Updated: Dec 4, 2020
Long-time chronic illness bears many gifts; one of them may be that we have lots of time to reflect on our life path. Many of us become excluded from family, shunned by friends and forgotten-ed by past coworkers. Grieving the loss of loved ones is part of the human journey and sometimes, this kind of loss can come at us like a tsunami. Without warning we are left stranded by the people we love most who are simply no longer there in any capacity, not because we have done something wrong but because we are ill and will likely never get better. At a certain point, we have no other option but to ask for help. We have become dependant on the kindness of others, a situation that gives way to relationships of a different nature as we learn to be grateful for freely given help and for that which we can afford.
We have become anxious, forgetful, depressed and at times angry because our life is now a constant struggle to find any measure of relief from pain, and sometimes just to survive, even to breathe. Most people can't or won't have another human being in distress in their close circle, in their life.
Simple as that.
So we grieve. Our heart so broken that it seems that we can never be whole again. We watch the sun rise each day and wonder how it can be when there is such darkness in our world. We listen to the beating of our heart and wonder how much pain it can bear. “Is this it? Is this all that my life is, now?” We ask the universe. We shed more tears than we thought possible for any one person to produce and still, there are more. We sleep without feeling rested. Pain is our constant companion. Grieving continues. Day after day until one morning, we sense that perhaps the slightest weight has been lifted from our heart. Breathing is somehow, miraculously, a little easier!

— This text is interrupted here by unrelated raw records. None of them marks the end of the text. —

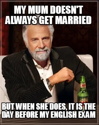 My mum doesn't always get married But when she does, it is the day before my eng Meme Template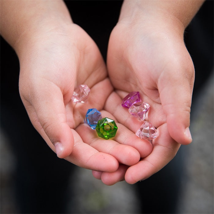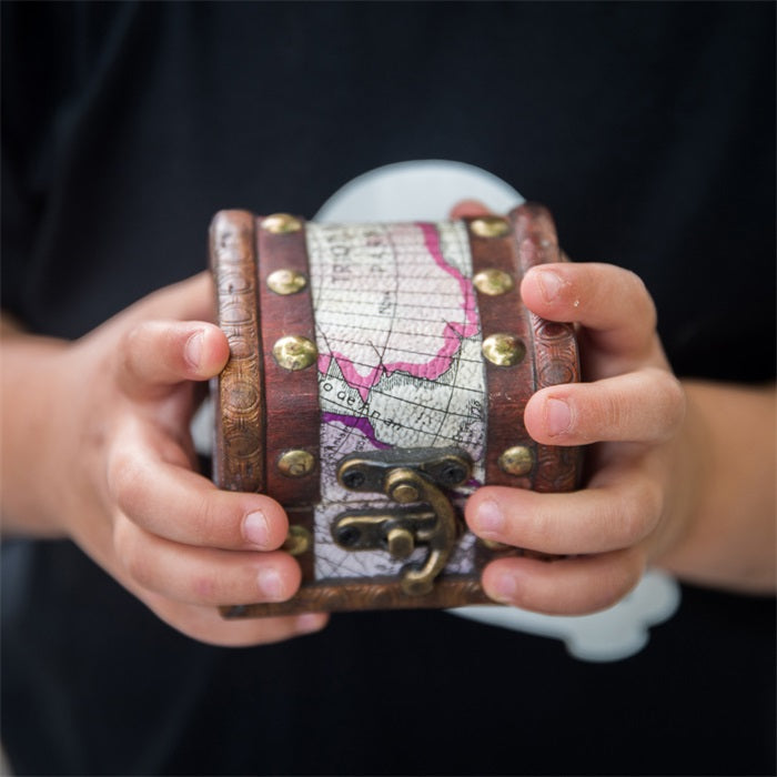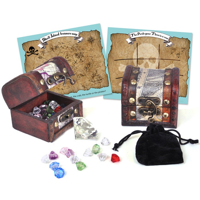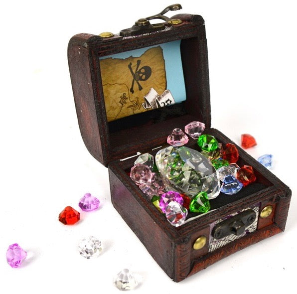 En skattekiste med flotte detaljer og en enkel lås. Indeni er der ca. 35–40 juveler, et skattekort og en lille fløjlspose.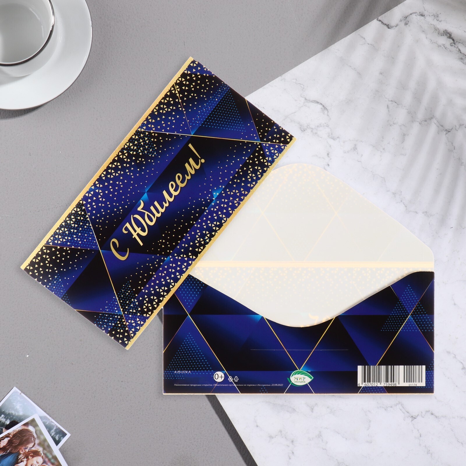 Конвер для денег "С Юбилеем!" синий фон, 16,5х8,5 см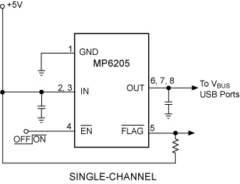 MP6205: PinoutDescriptionThe MP6205 Power Distribution Switch features internal current limiting to prevent damage to host devices due to faulty load conditions. The MP6205 Analog switch features 90mΩ...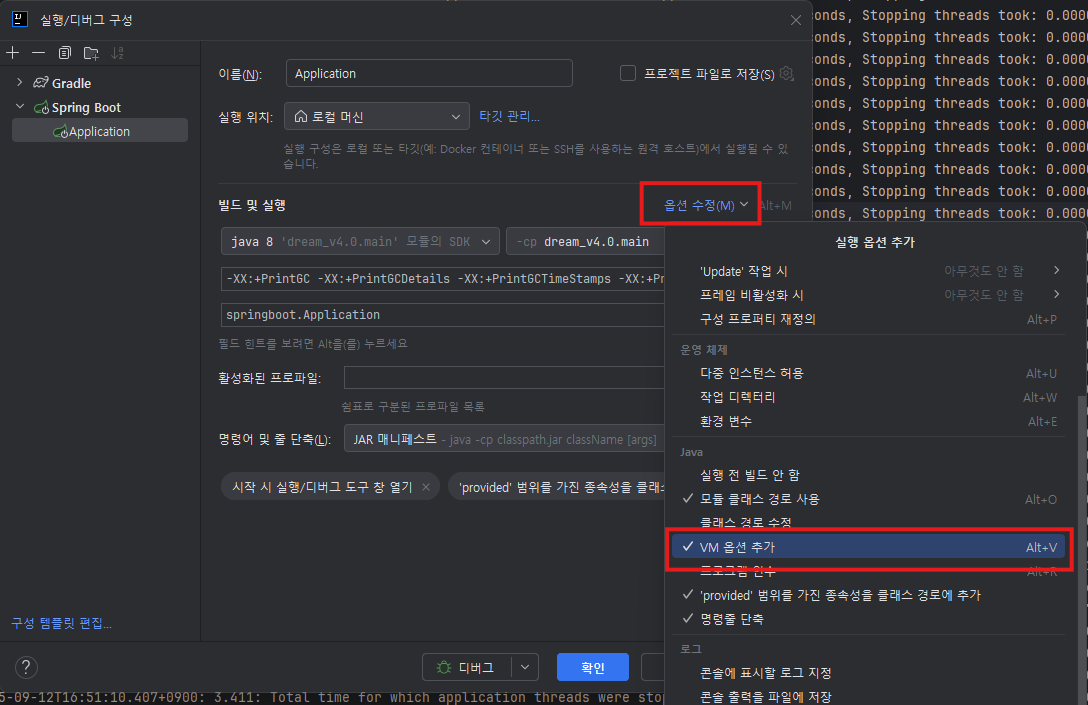 vm 옵션을 추가해서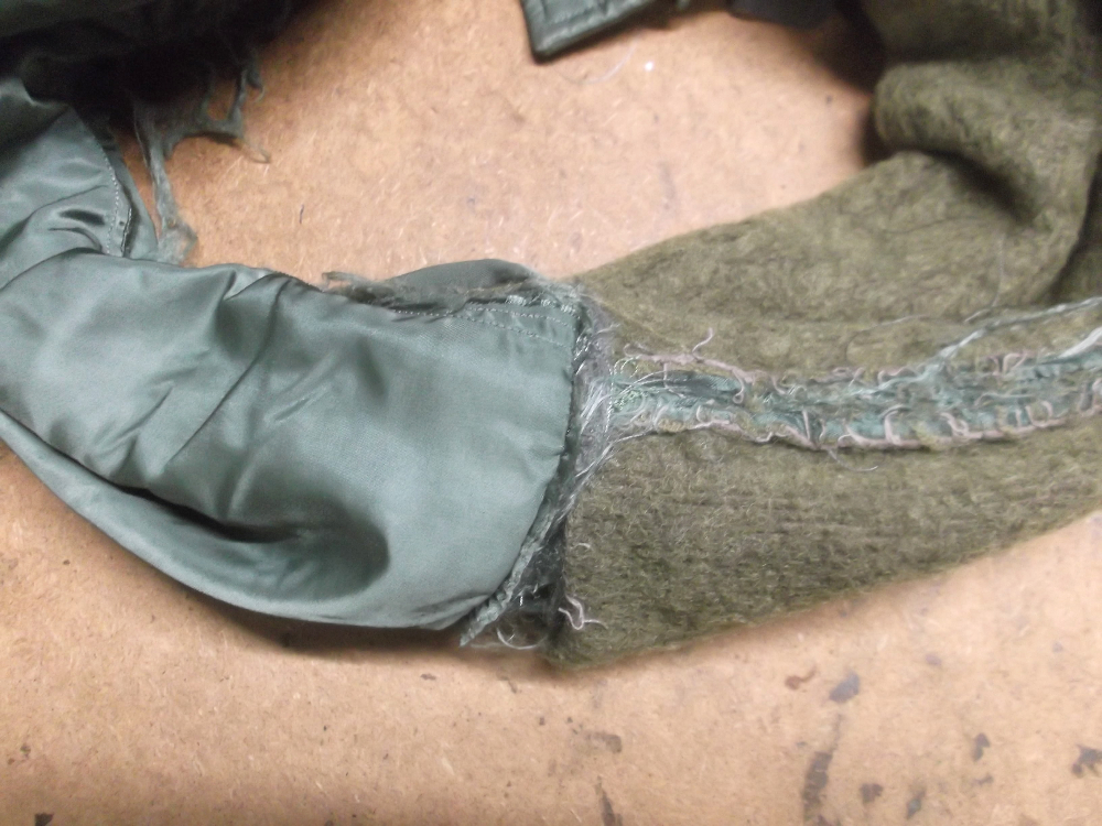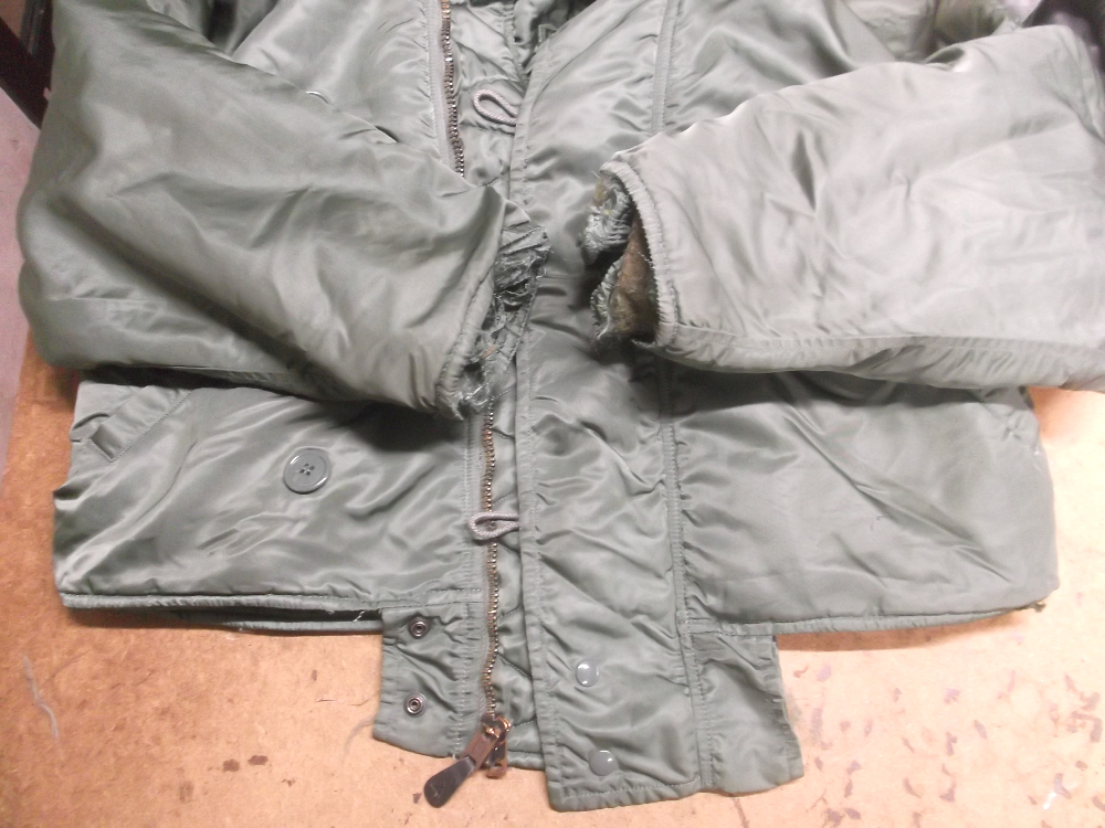 1枚目は長野県からの郵送のお客さんの両袖と腰回りのリブニットを交換していく前のN-2Bフライトジャケットです。

This is the gift of acceptance, which gives way to an ever delicate but oh so powerful sense of peace. The tsunami has not been forgotten but the new life that has blossomed in its wake is of a malleable nature rooted in a soil rich with courage, faith and resilience. We have survived and at times, have learned to let our heart soar with mere remnants of the life we used to know.
Now, each breath offers a new opportunity to be thankful for that one, simple, life-giving gift.
See you on the path of healing, and beyond!